Une définition de l'amitié...

« L'amitié, c'est le silence partagé qui renoue instantanément les fils ».

La vie, c'est...

« La vie est l'école de l'absence. On apprend à vivre sans les autres, sans ceux qui nous ont aimés et que nous avons aimés. Et pourtant nous les entendons, nous les espérons ou les craignons. Un jour, Pierre-Louis me parla de ses rêves dans lesquels son père disparu revenait lui parler. De ces absences, on se relève toujours plus éberlué. Surpris d'avoir survécu au désastre. On se regarde dès lors comme si notre corps ne nous appartenait plus, comme s'il continuait à assurer les fonctions de base – parler, boire, se nourrir... - par habitude ou par réflexe. On dit que les canards continuent à marcher quelques instants après qu'on leur a coupé la tête. Nous sommes beaucoup à être de ces canards sans tête. »
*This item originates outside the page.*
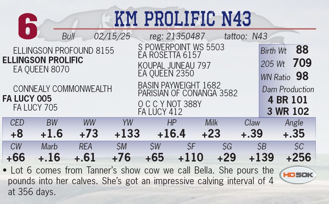 • Lot 6 comes from Tanner’s show cow we call Bella. She pours the

Quarante ans aujourd'hui...

« Jamais une jeunesse française n'a été aussi sage que celle conçue entre les barricades de Mai et le départ de De Gaulle. Nos parents avaient été des garnements contestataires, nos grands-parents avaient fait du marché noir, couché avec l'Allemagne ou saboté des trains. Certains de nos oncles crapahutèrent en Indochine ou en Algérie. Et nous ? Gentils garçons et braves filles, nous avons été de toutes les manifestations antiracistes. Nous avons fêté la musique et le cinéma grâce à Jack Lang. Nous avons enfilé des préservatifs sans rechigner. Notre docilité confinait à l'absence. En un mot, nous n'avons pas fait d'histoire.»

La jeunesse...

« Comme un morceau de trottoir fraîchement cimenté que l'on signale par du ruban plastifié reliant des piquets, la jeunesse est une zone à part. Beaucoup ont hâte de la quitter quand ils la traversent avant d'en cultiver la nostalgie le restant de leur vie. Ce paradoxe conserve son mystère par-delà les générations. Tel le ciment, la jeunesse sèche vite et les empreintes accidentelles qu'elle aura reçue deviendront des cicatrices. »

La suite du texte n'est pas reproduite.